Online Calculator | Should You Make Use Of A Pay Day Loan

Should You Make Use Of A Pay Day Loan

Payday loans are often suggested as a fast solution for a poor cashflow problem, letting you bridge the gap between spending all your money and your next payday. Basically, you can borrow a small amount of a few hundred dollars for a short period of a week or two, and give back the money next time you get paid.

This kind of facility can actually be really appropriate if you’ve run out of money for living expenses, or if you’re faced with an unanticipated bill or expense that you simply can’t pay when you need to, but are cash advances always the easy way out they’re described as?

To start with, we’ll outline the indisputable advantages of pay day loans, before looking at the problems, and possible alternatives you may be able to utilise if you decide a fast cash loan isn’t right for you.

The lending standards for payday loans are very generous indeed, and almost anyone who’s employed and has a suitable bank account will probably have their loan application accepted. This means that even people with terrible credit histories should be able to make use of a payday loan, despite being turned down for nearly any other form of finance.

They are also simple to apply for, and you can frequently get the money in your checking account very quickly. Some payday loan companies can even arrange an overnight deposit of the money straight into your bank account the very next day, which is obviously very useful when you need cash urgently.

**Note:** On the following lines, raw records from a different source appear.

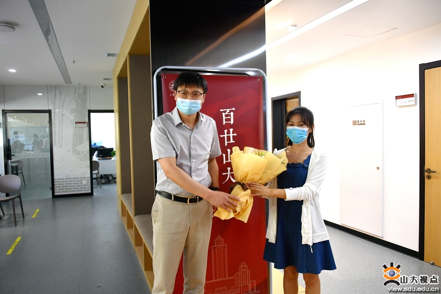 在欢迎背景墙前,新教工纷纷手拿祝福板和鲜花束进行合影,为自己在山大的起航作留念;在签名墙前,大家签好自己的名字,隆重写下迈入山大的第一笔,为自己和山大的明天喝彩,为山大双甲子生日祝福。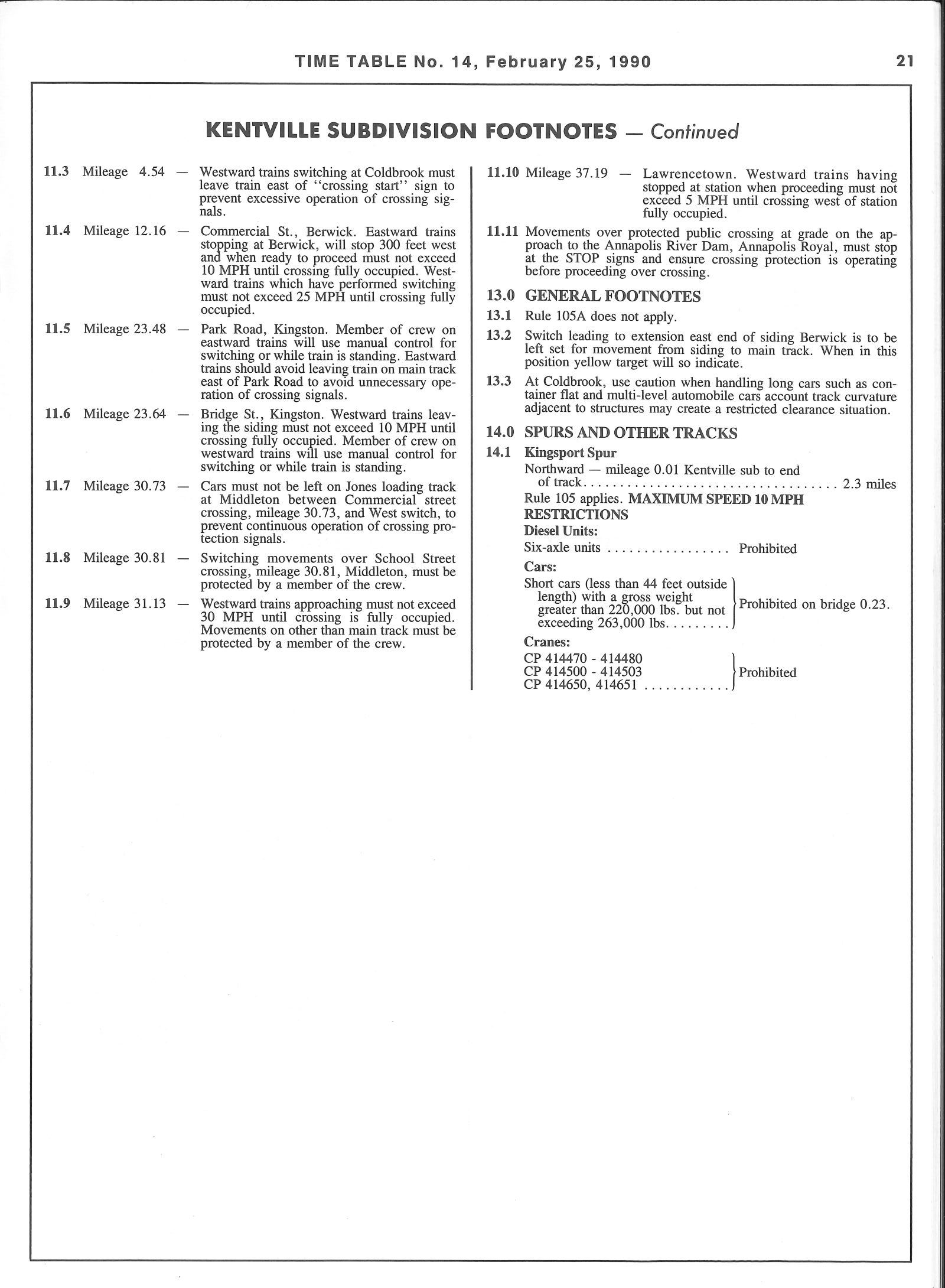 Canadian Atlantic Railway Employee Time Table Nr. 14 - Effective February 25, 1990 - page 21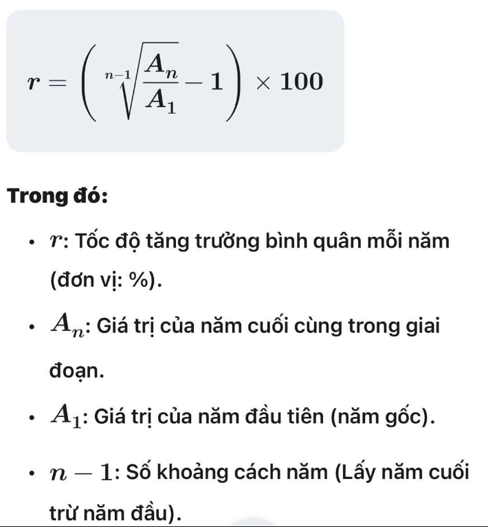 Dựa vào công thức tính: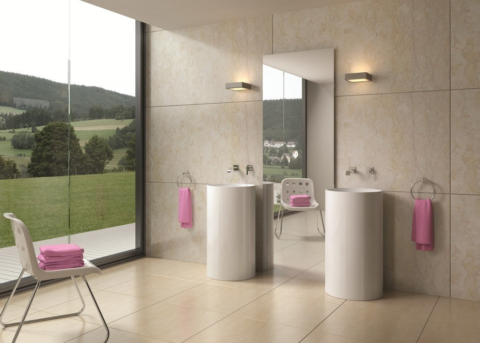 The DW-108 is a circular shaped design model within the ADM Bathroom Design freestanding sink collection made of durable white stone resin composite with a contemporary style design and its pinnacle of being smooth. The stone resin material comes with the option of matte or glossy finish. This pedestal sink will surely be a great addition with a neat and modern touch to your newly renovated stylish bathroom.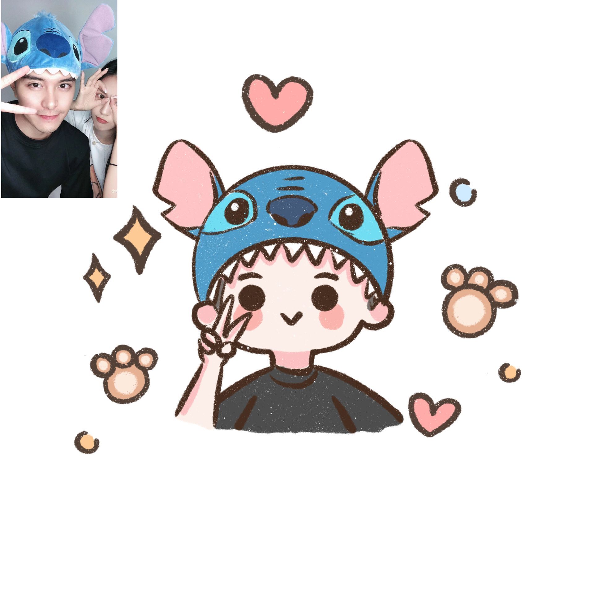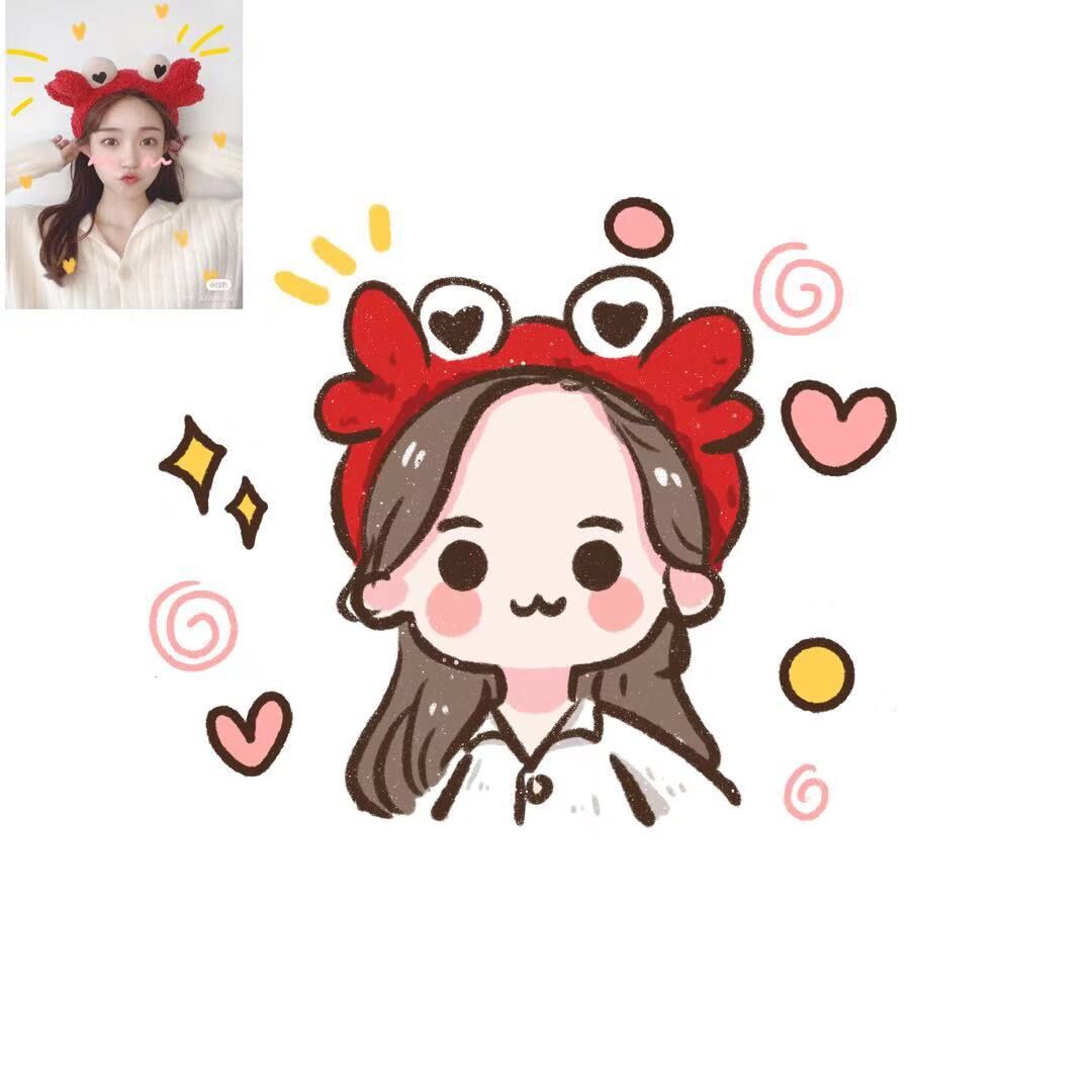 Hand-drawn cartoon cute crayon couple avatar Q version mobile phone case pattern custom cute wind live person photo turn hand-drawn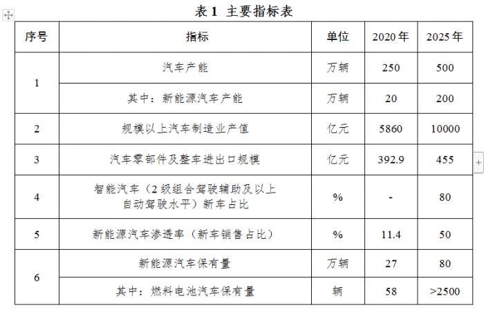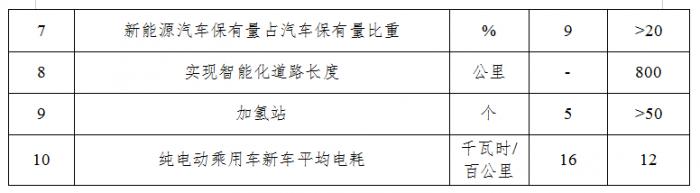 ——自主创新实现新突破。加大智能与新能源汽车自主创新支持力度,力争攻克一批短板和“卡脖子”技术。智能汽车(2级组合驾驶辅助及以上自动驾驶水平)新车占比达到80%。纯电动乘用车百公里电耗降至12.0千瓦时,推出具有自主核心技术的燃料电池乘用车。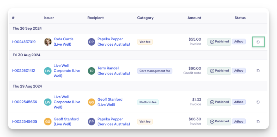 Invoice reversal can now be performed directly on the Invoices & Credit Notes page and within the Billing Run. Categories are displayed for improved visibility, and sticky date headers help easily identify invoice groups.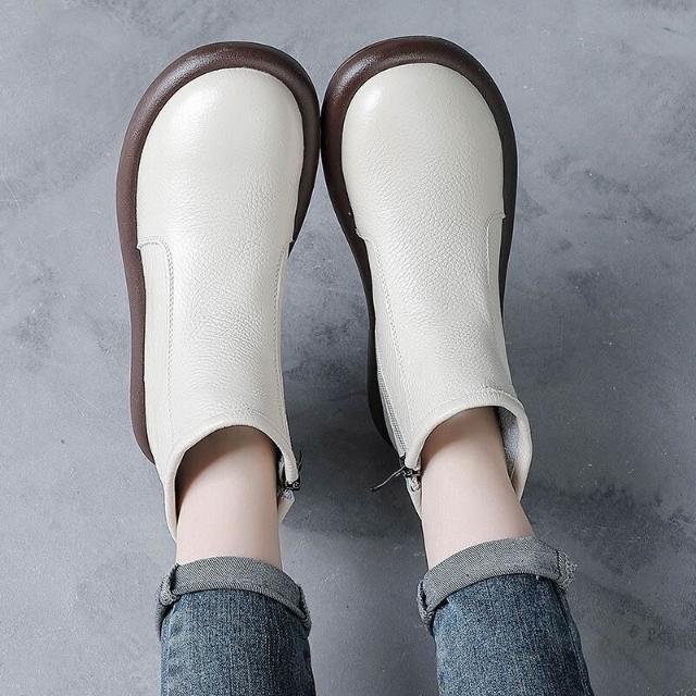 頭層牛皮秋冬季新款低跟馬丁靴復古女鞋真皮靴子女短靴圓頭媽媽鞋

Last, once you’ve been sanctioned for your first loan, it’s normally a very simple matter to ‘roll over’ your loan again if you find you need to make use of the facility if funds are again short in the future.

There are, however, two large disadvantages to wage advance loans which you seldom see mentioned in the advertisings and web sites pushing them. Firstly, they’re hugely costly compared to other types of finance. Because the term of the loan is so short, a cost of 20% of the advance – which is just about average – will result in an extremely high APR.

The second problem is closely related: because they’re so pricey, you can easily be left without enough money the month after once you’ve paid off the loan and paid the fess. In this situation, it’s just too simple to roll over your loan again to cover the shortage, incurring more interest, and a neverending cycle of debt.

So, if you make up your mind that a payday loan isn’t the best way forward for you, what choices do you have? The first one is using a credit card, if you carry one. While credit cards are normally also pretty pricey sorts of finance, they do allow you to spread the debt over a a few months rather than requiring it to be paid back straight away along with a fee.

Most banks now offer an overdraft facility, which can also be used to tide you over a short term lack of money. The interest charged on an agreed overdraft is probably going to be better than that of a credit card, but your bank may not approve your application. Beware of going ahead and overdrawing without your bank’s authorisation, as the charges they will levy in this case will be very expensive.

If none of these options is available to you, and you have no other way of getting hold of money such as borrowing off family, then a payday loan may be the better alternative. Just ensure that you use it cautiously, and heed the warning it’s giving you about the longer term state of your finances.